These records contain pictures, which must be left out; copy exactly the lines from the one with "最后,为感谢空军空降兵学院对" up to and including the one with "GUCCI KID SCAMOS/SUGHERO/TATTOO".
# # # #
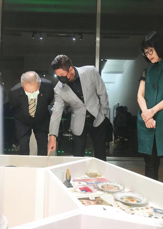 The VIPs — including CTBC Financial Holding Co (中信金控) president Daniel Wu (吳一揆), chief administration officer Roger Kao (高人傑), institutional and international business CEO Tony Yang (楊銘祥), retail banking executive vice president Amy Yang (楊淑惠), CTBC Charity Foundation chairman Jeffrey Koo Jr (辜仲諒), and CTBC Foundation for Arts and Culture chairman John Feng (馮寄台) — spent the evening contemplating and discussing works by 57 participating artists and groups from 27 countries.
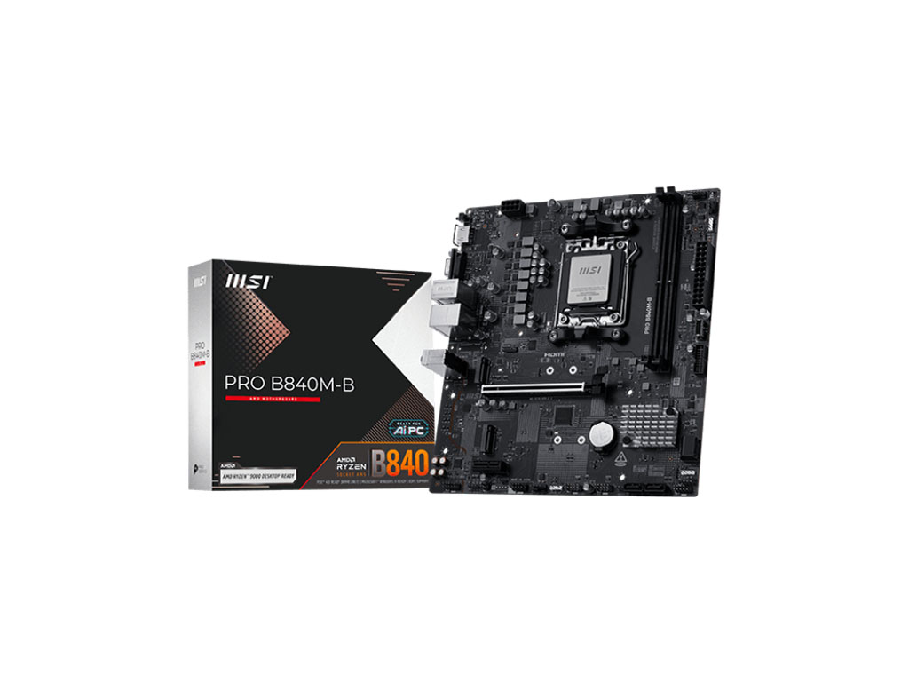 Motherboard MSI PRO B840M-B junto a su caja, con soporte para red 2.5G, tecnología Lightning Gen 4 y certificación Ready for AI PC.
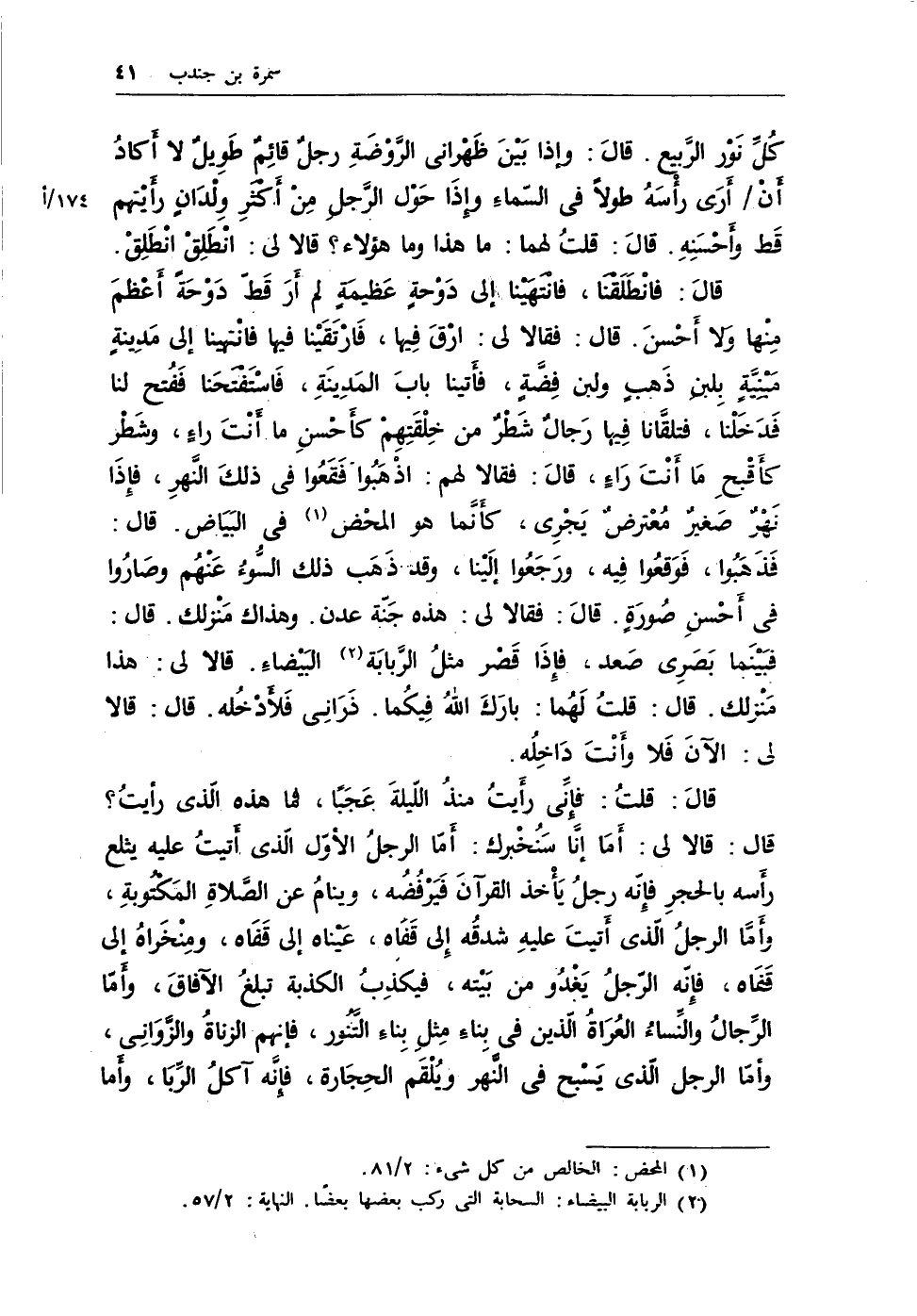 قال: فانطلقنا، فانتهينا إلى دوحة عظيمة لم أر قط دوحة أعظم منها ولا أحسن. قال: فقالا لى. ارق فيها، فارتقينا فيها فانتهينا إلى مدينة مبنية بلبن ذهب ولبن فضة، فأتينا باب المدينة، فاستفتحنا ففتح لنا فدخلنا فتلقانا فيها رجال شطر من خلقتهم كأحسن ما أنت راء، وشطر كأقبح ما أنت راء، قال: فقالا لهم: اذهبوا فقعوا في ذلك النهر، فإذا نهر صغير معترض يجرى، كأنما هو المحض (¬1) في البياض. قال: فذهبوا، فوقعوا فيه، ورجعوا إلينا، وقد ذهب ذلك السوء عنهم وصاروا في أحسن صورة. قال: فقالا لى: هذه جنة عدن. وهذاك منزلك. قال: فبينما بصرى صعد، فإذا قصر مثل الربابة (¬2) البيضاء. قالا لى: هذا منزلك. قال: قلت لهما: بارك الله فيكما. ذرانى فلأدخله. قال: قالا لى: الآن فلا وأنت داخله.
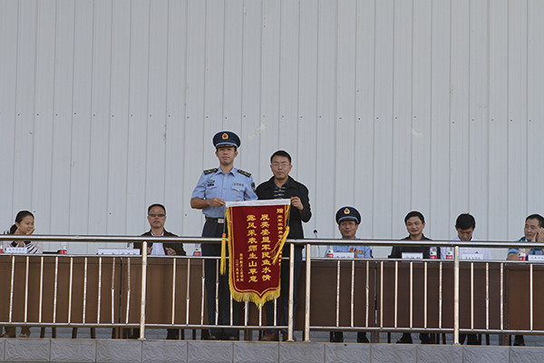 最后,为感谢空军空降兵学院对开云军训工作的大力支持,郝德温代表学校向空军空降兵学院赠送了锦旗。
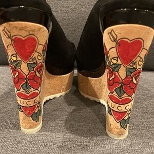 GUCCI KID SCAMOS/SUGHERO/TATTOO CUOR NATURALE 36+ wedge heel. Excellent condition. Box and dust bags included. Originally $780
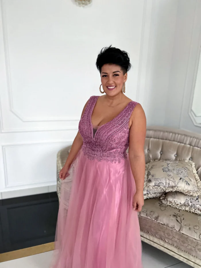 Piękna długa suknia wieczorowa tiulowa z koronkową górą zdobioną cudownymi haftami oraz zdobieniami w postaci mieniących się kryształków. Pięknie eksponuje kobiece kształty- dół sukienki wykonany w całości z lejącego się materiału. Sukienka pięknie eksponuje plecy – dekolt w kształcie litery V zarówno z przodu jak i tyłu . Sukienka posiada z przodu wszyte miseczki, dzięki czemu nie trzeba zakładać biustonosza. Wyprodukowana i uszyta w Polsce.
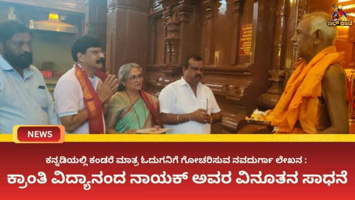 ಉಡುಪಿ : ಕಾಪು ಶ್ರೀ ಹೊಸ ಮಾರಿಗುಡಿ ದೇವಸ್ಥಾನದಲ್ಲಿ ನಡೆಯುತ್ತಿರುವ ಲೋಕಕಲ್ಯಾಣಾರ್ಥ ನವದುರ್ಗಾ ಲೇಖನ ಯಜ್ಞಕ್ಕೆ ಈ ಬಾರಿ ವಿಶಿಷ್ಟ ಆಕರ್ಷಣೆ ದೊರೆತಿದೆ. ಕ್ರಾಂತಿ ವಿದ್ಯಾನಂದ ನಾಯಕ್ ಅವರು ಬರೆದಿರುವ ನವದುರ್ಗಾ ಲೇಖನವನ್ನು ನೇರವಾಗಿ ಓದಲು ಸಾಧ್ಯವಿಲ್ಲ; ಬದಲಿಗೆ ಕನ್ನಡಿಯ ಮೂಲಕ ನೋಡಿದಾಗ ಮಾತ್ರ ಅಕ್ಷರಗಳು ಸರಿಯಾಗಿ ಗೋಚರಿಸುವ ವಿಶೇಷ ವಿಧಾನವನ್ನು ಅವರು ಬಳಸಿದ್ದಾರೆ. ಲೇಖನವನ್ನು ಕನ್ನಡ, ತುಳು, ಇಂಗ್ಲಿಷ್ ಮತ್ತು ಹಿಂದಿ ಸೇರಿ ನಾಲ್ಕು ಭಾಷೆಗಳಲ್ಲಿ ಬರೆಯಲು ಅವಕಾಶವಿದ್ದು, ಕ್ರಾಂತಿ ನಾಯಕ್ ಅವರು ಎಲ್ಲಾ ನಾಲ್ಕು ಭಾಷೆಯಲ್ಲೂ ಇದೇ ವಿನೂತನ ಶೈಲಿಯನ್ನು ಅನುಸರಿಸಿದ್ದಾರೆ. ಕನ್ನಡಿಯ ಪ್ರತಿಬಿಂಬದ ಮೂಲಕ ಓದಬಹುದಾದ ಈ ಲೇಖನವು ಭಕ್ತರ ಕುತೂಹಲಕ್ಕೆ ಕಾರಣವಾಗಿದೆ.
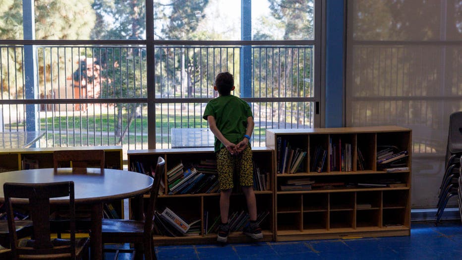 LOS ANGELES, CA - JANUARY 15, 2025: A youngster looks out the window while waiting for his parents to pick up up at the end of the day at Project Camp, free child care to families impacted by the fires, at Eagle Rock Recreation Center on January 15,
# # # #
* [SOLUTION FOR THIS EXERCISE]:
 最后,为感谢空军空降兵学院对开云军训工作的大力支持,郝德温代表学校向空军空降兵学院赠送了锦旗。
 GUCCI KID SCAMOS/SUGHERO/TATTOO CUOR NATURALE 36+ wedge heel. Excellent condition. Box and dust bags included. Originally $780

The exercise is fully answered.